_Material supplied_:
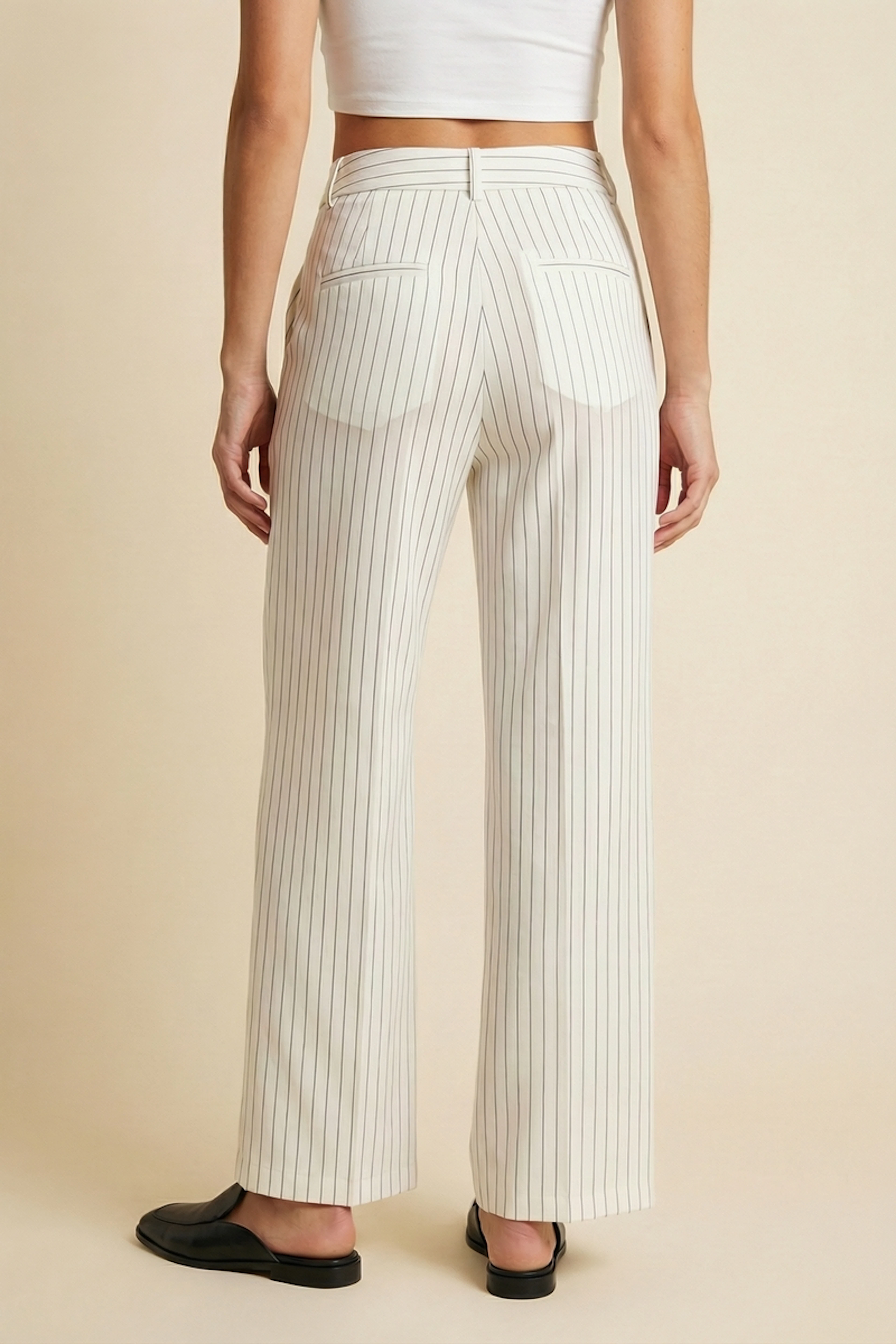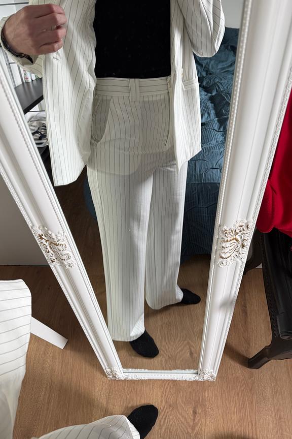 Combineer deze broek met een luchtig overhemd en hakken voor een chique en verfijnde zomerse look. • Gestreepte broek • Rechte snit • Hoge taille • Haaksluiting aan de voorkant • Decoratieve knopen
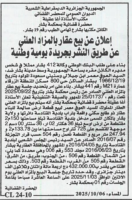 Il sera procédé à la vente au plus offrant et dernier enchérisseur le :
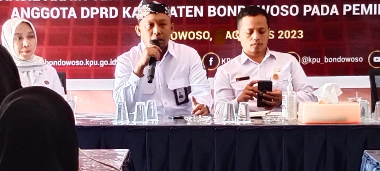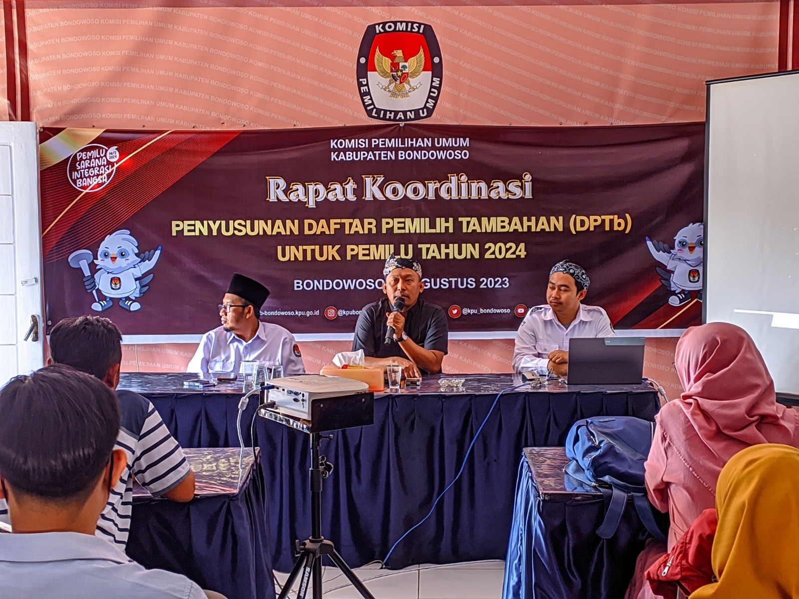 Bondowoso - Komisi Pemilihan Umum (KPU) Kabupaten Bondowoso menggelar Rapat Koordinasi (Rakor) Penyusunan Daftar Pemilih Tambahan (DPTb) untuk Pemilu Tahun 2024 bersama Panitia Pemilihan Kecamatan (PPK) Se Kabupaten Bondowoso, Senin (14/08/23). Rapat koordinasi ini dibuka secara resmi oleh Ketua KPU Bondowoso Junaidi di Aula Kantor KPU Bondowoso, dalam sambutannya pada pembukaan Rakor tersebut, Junaidi mengutarakan harapannya pada peserta rakor untuk memaksimalkan penyusunan DPTb. Selain itu, Junaidi juga mengingatkan agar kegiatan penyusunan DPTb dilaksanakan dengan cermat dan teliti untuk memberikan hak sebagai pemilih dengan baik. Dalam rakor tersebut, DIvisi Perencanaan Data dan Informasi KPU Bondowoso Ali Mushofa juga memaparkan secara detail terkait syarat pindah memilih, pelayanan pindah memilih, dokumen alat bukti pendukung alasan pindah memilih, tabel referensi kondisi pindah memilih dan surat suara yang didapatkan oleh pemilih tersebut. Sesi terakhir Rakor yakni teknis operasionalisasi Sidalih untuk DPTb. Dilakukan simulasi penginputan data pemilih yang ingin melakukan pindah memilih ke dalam aplikasi Sidalih oleh Operator Sidalih KPU Bondowoso Hairul Umam. (Rendatin)
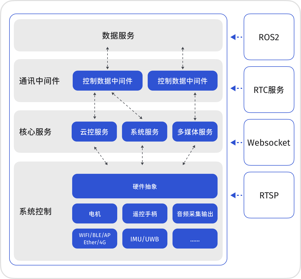 拒绝“接口黑盒”。从底层 FOC 驱动、核心 MPC/WBC 步态源码到上层应用,全逻辑透明集成于 ROS 2 标准架构,支持开发者从任意深度重定义机器人行为。
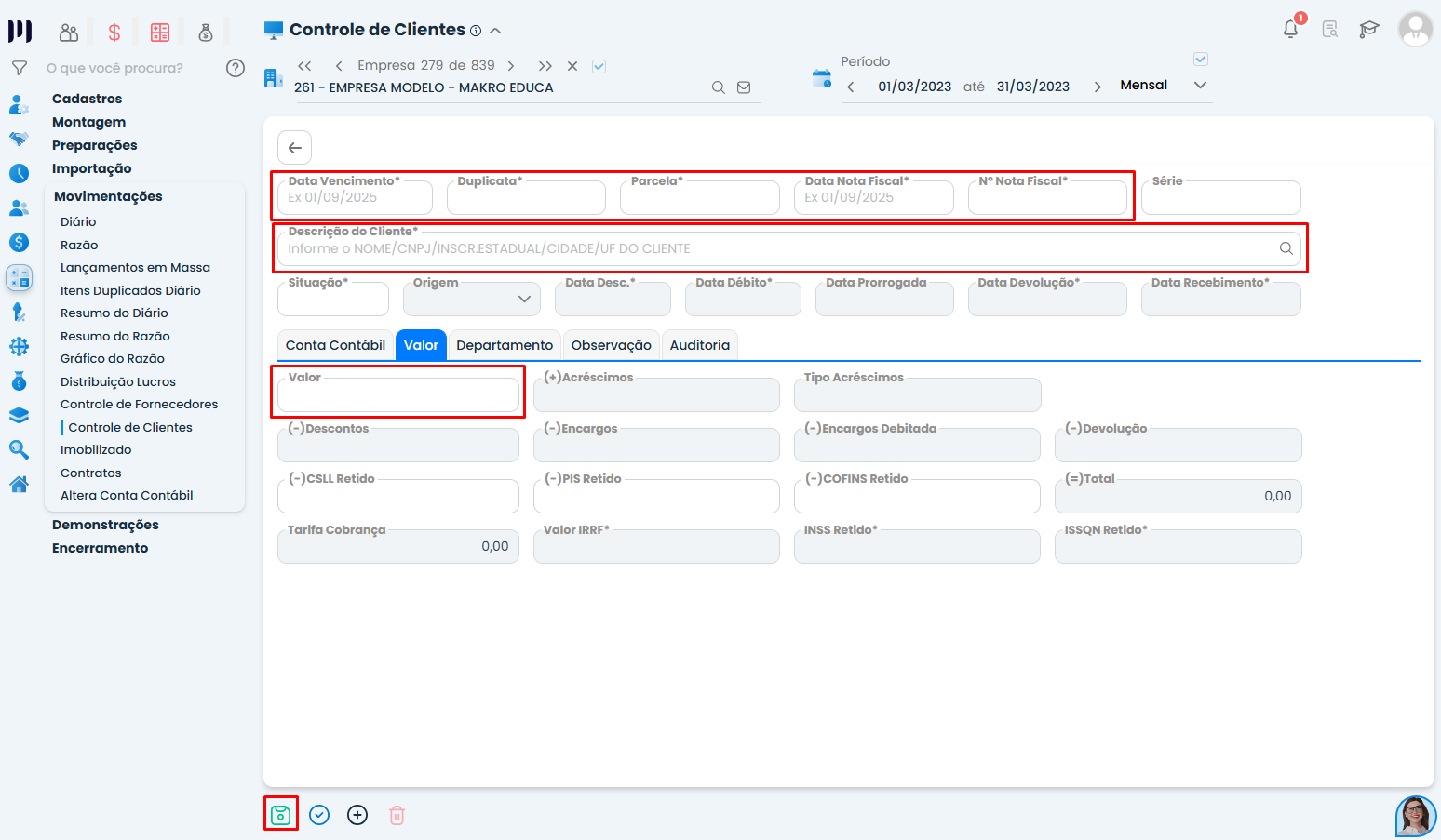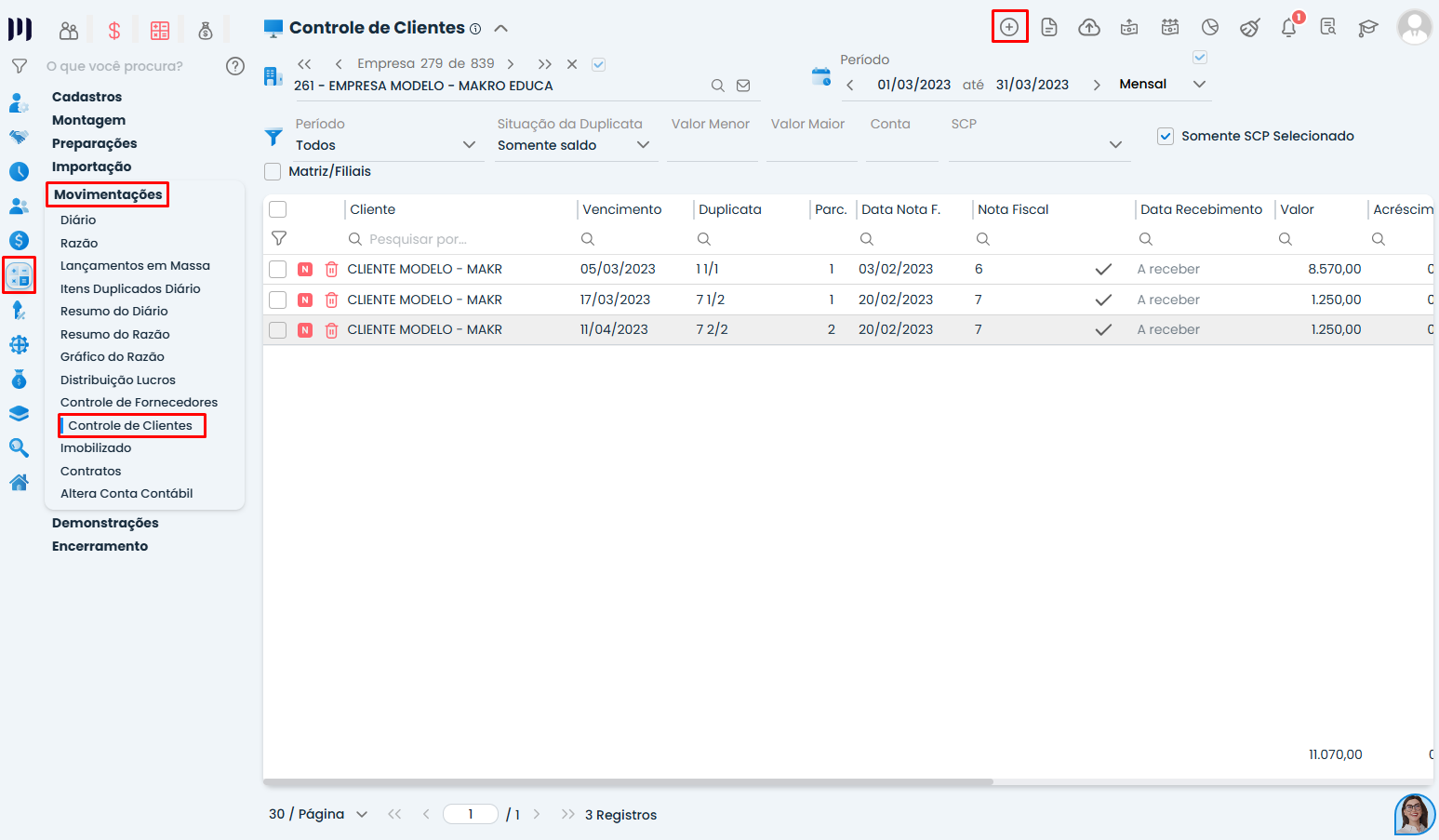 • Acesse o módulo Contábil > Movimentações > Controle de Clientes
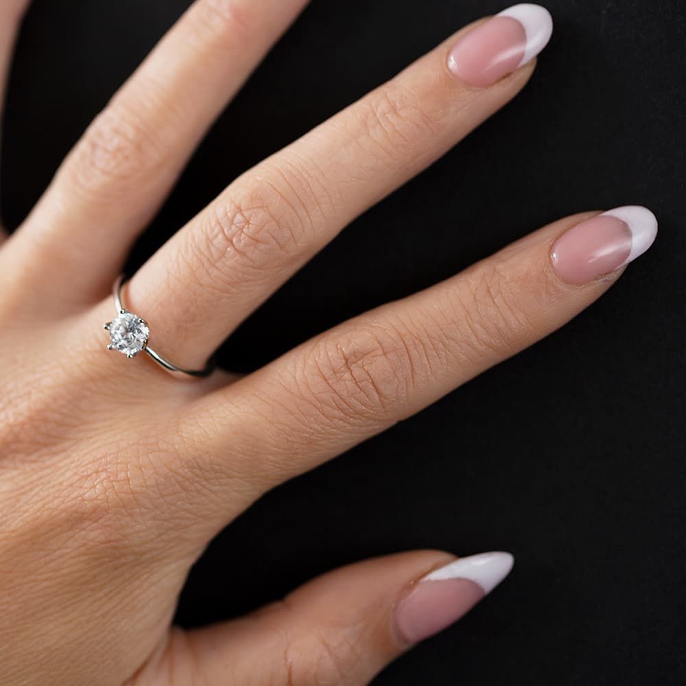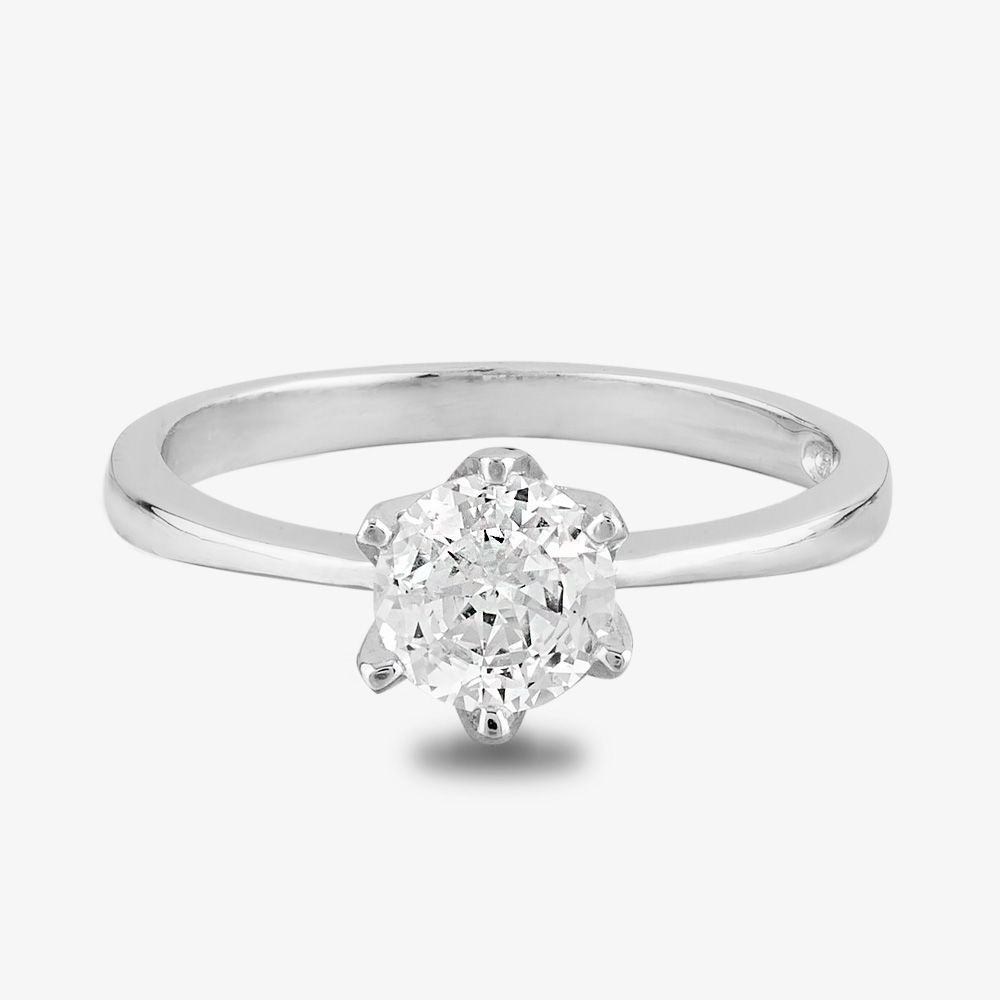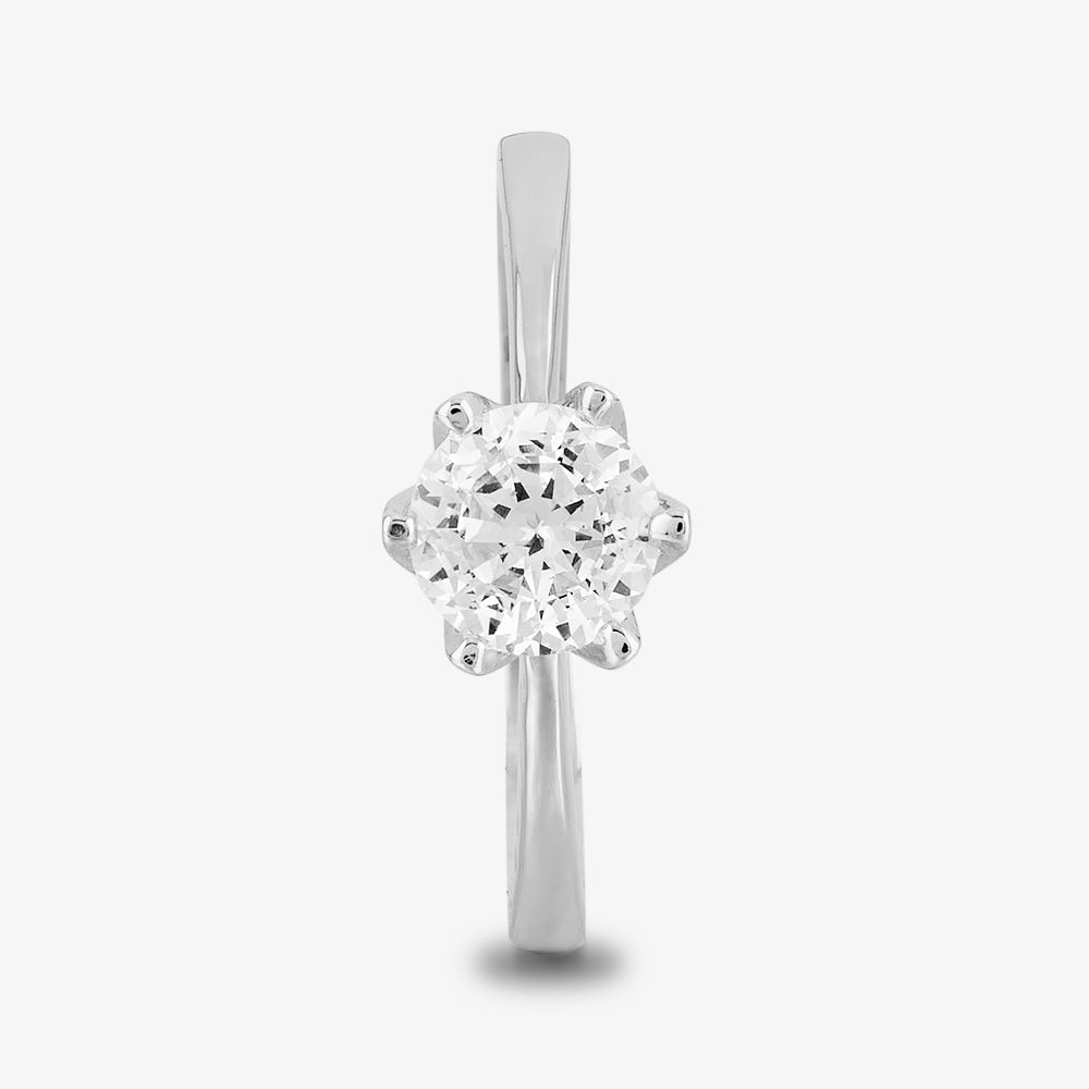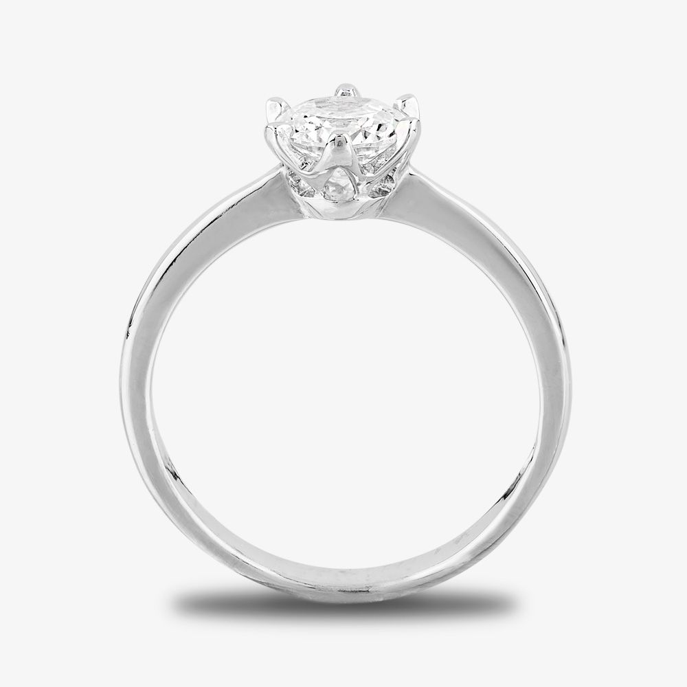 A beautifully faceted brilliant-cut cubic zirconia stone is securely held in a contemporary six-claw arched basket setting, perfect for ensuring the maximum amount of light can enter the stone to ensure radiance and shimmer. Solid shoulders climb halfway up the mount for additional support.
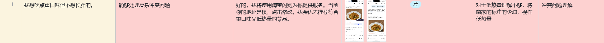 反馈结果: 推荐的菜品既无法满足用户对“重口味”的心理补偿,也未达成真正的“减脂”目标。
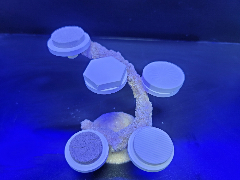 ** 수류가 강하거나 고기들이 산호를 건드려도 산호가 바닥에 떨어지지 않게 플러그 타입의 디스크를 장착 가능하게 제작 하였습니다.
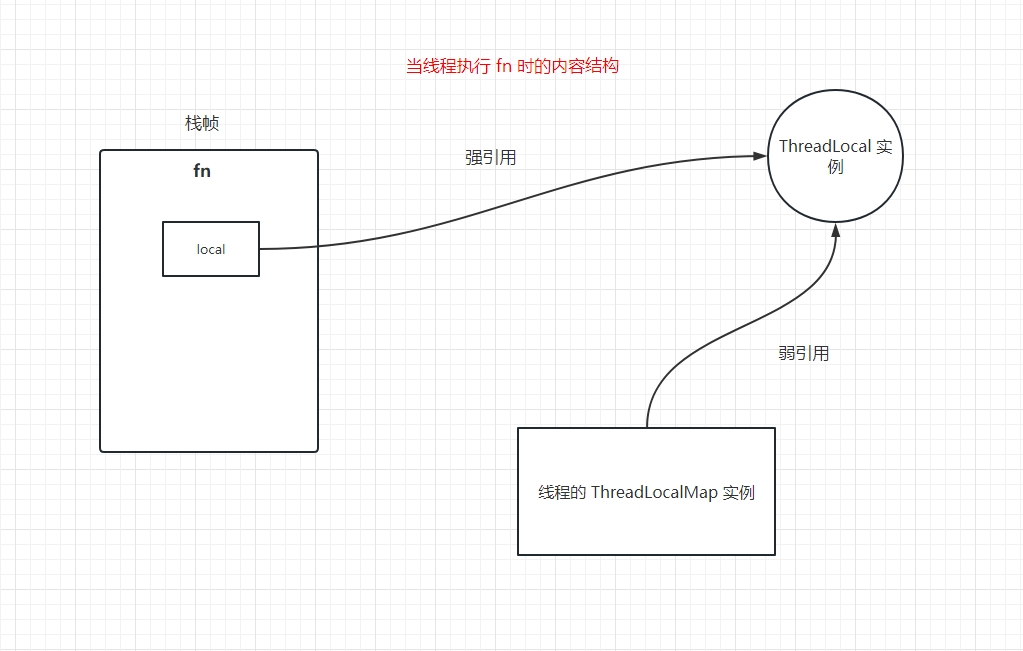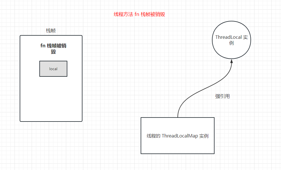 1、当线程执行完fn()方法后,fn()的方法栈帧将被销毁,强引用local的值也就没有了,但此时线程的

_Work to be completed_: Leave every picture out and write out exactly the lines from the line with "反馈结果: 推荐的菜品既无法" through the last line of the material.

_Reply to the exercise_:
 反馈结果: 推荐的菜品既无法满足用户对“重口味”的心理补偿,也未达成真正的“减脂”目标。
 ** 수류가 강하거나 고기들이 산호를 건드려도 산호가 바닥에 떨어지지 않게 플러그 타입의 디스크를 장착 가능하게 제작 하였습니다.
 1、当线程执行完fn()方法后,fn()的方法栈帧将被销毁,强引用local的值也就没有了,但此时线程的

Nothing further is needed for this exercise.